Dari sini terlihat bahwa pemikiran ekonomi Rasulullah orientasi substanstifnya adalah ”kepada kepentingan bersama masyarakatlah yang diutamakan”. Bahkan untuk tercapainya arah dan tujuan dimaksud, Rasulullah sangat menekankan terciptanya ”efesiensi sosial”. Artinya bagaimana ekonomi negara bisa dikelola secara bersama dengan baik dan ketepat-gunaan yang tinggi sehingga kemakmuran dan kesejahteraan dalam arti yang sesungguhnya.
Oleh karena itu, prinsip sebesar-besar kemakmuran rakyat dalam pandangan ekonomi Rasulullah adalah sangat dikedepankan.Implikasi dari pandangan ini adalah perintah Rasullah untuk saling tolong-menolong antar sesama dalam segala aktivitas kehidupan, terutama dalam tatanan ekonomi. Hak warisan harta ditinggalkan atas dasar saudara seagama, tanah kepunyaan Ansar digarap bersama sama dengan Muhajirin.

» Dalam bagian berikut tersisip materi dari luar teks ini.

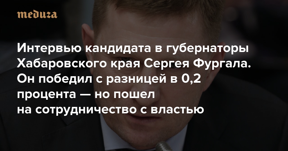 «Ситуация как в Приморье у нас не повторится» Интервью Сергея Фургала. Он победил на выборах в Хабаровском крае с разницей в 0,2 процента — и пошел на сотрудничество с властью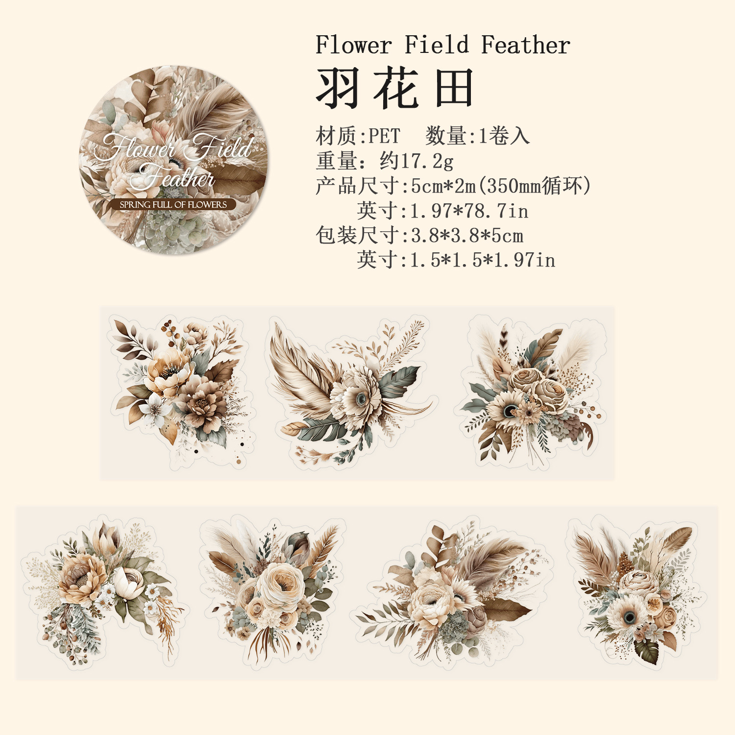 국경 고대 숲 봄 산 꽃 덩굴 시리즈 복고풍 꽃 PET 손 계정 테이프 콜라주 장식 스트립 소재스토어 가기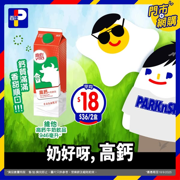 維他高鈣牛奶飲品 946毫升 $36/2盒 ; 平均 $18/盒高鈣配方幫你強健骨骼,大人同小朋友都啱飲!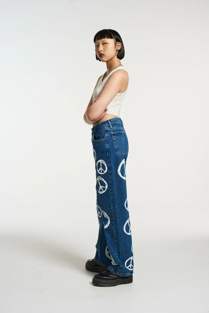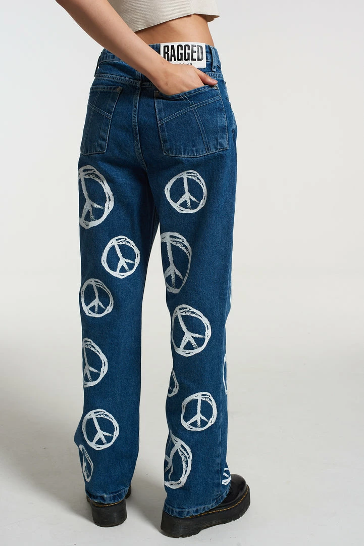 The Ragged Priest white peace sign printed jeans in scribble hand drawn style on our classic mid blue dad jeans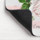 Beautiful pink vintage floral and green leaves on pink and white striped mousepad, personalised with your own text. Contact us for help with customisation or to request matching or coordinating products.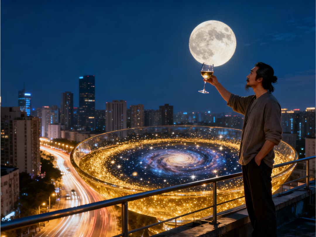 当你迷茫到怀疑人生,请启动'李白模式':深夜上顶楼天台,把路灯当星星,把车流当银河。此刻你脚下的烦恼,不过是银河系旋臂上的小尘埃。记住这个宇宙公式:视角每升高一公里,焦虑就蒸发一吨。

Sehingga pada saat itu, dengan sistem al-Muzara’ah, al-Mu’ajarah, yang diterapkan di atas prinsip at-ta’awun, Madinah menjadi kaya dengan produksi dari hasil tanaman gandum, sayur-sayuran, buah-buahan dan juga barli. Tidak hanya itu, kota ini juga adalah pengeluar terbesar buah kurma atau tamar terutama menjelang musim kemarau. Daripada penghasilan ini saja, kota Madinah dapat memainkan peranan penting dalam perekonomian di kawasan sekitarnya.
Inilah makna efisiensi sosial atau ”efisiensi berkadilan”, karena memang dalam pandangan Rasulullah manusia sebagai makhluk individu sekaligus makhluk sosial, itulah yang harus diutamakan, bukanlah pembangunan dan pertumbuhan ekonomi itu sendiri. Pandangan ini sudah barang tentu berangkat dari nilai-nilai qur’ani yang menghormati sesama manusia dan menekankan masalah ukhuwah/ persaudaraan (Qs. Al-Hujarat : 10), ta’awun/ tolong menolong/ kebersamaan (Qs. Al-Maidah : 3).
Di samping itu, kebijaksanaan Rasulullah dalam bidang ekonomi juga terlihat ketika Rasulullah tidak serta merta membebankan, ushr,27dan jizyah bagi non-muslim pada saat pondasi masyarakat belum begitu kokoh. Tapi ketika masyarakat Madinah memiliki pondasi yang kuat dan menampakkan embrio kekuatan, baik di bidang politik maupun ekonomi, barulah Rasulullah merancang sistem pemerintahan yang ditandai dengan disepakatinya Piagam Madinah.
Dengan terbentuknya negara Madinah, Islam semakin kuat, dan perkembangannya yang pesat membuat orang-orang Makkah merasa Risau. Kerisauan ini akan mendorong orang Quraisy bertindak apa saja. Di satu sisi, Madinah hampir tidak memiliki pemasukan atau pendapatan negara. Untuk menghadapi kemungkinan itu, maka Rasulullah menggalang kekuatan berupa pembentukan militer dan juga menganjurkan zakat yang sifatnya sukarela dalam rangka membantu mempertahankan diri dari serangan musuh.
Pada tahun ketujuh Hijriyah, kaum muslimin berhasil menaklukan Khaibar.Tanah hasil taklukan dikelola dengan menerapkan sistem kharaj, yakni pajak tanah yang dipungut dari non-Muslim.Dan sistem ini diterapkan di berbagai daerah taklukan, dan dalam perkembangannya, kharaj menjadi salah satu sumber pendapatan negara terpenting.
Dalam masa pemerintahannya juga, Rasulullah menerapkan jizyah, yakni pajak yang dibebankan kepada orang-orang non-Muslim, khususnya ahli kitab, sebagai perlindungan jiwa, harta milik, kebebesan menjalankan ibadah, serta pengecualian dari wajib militer.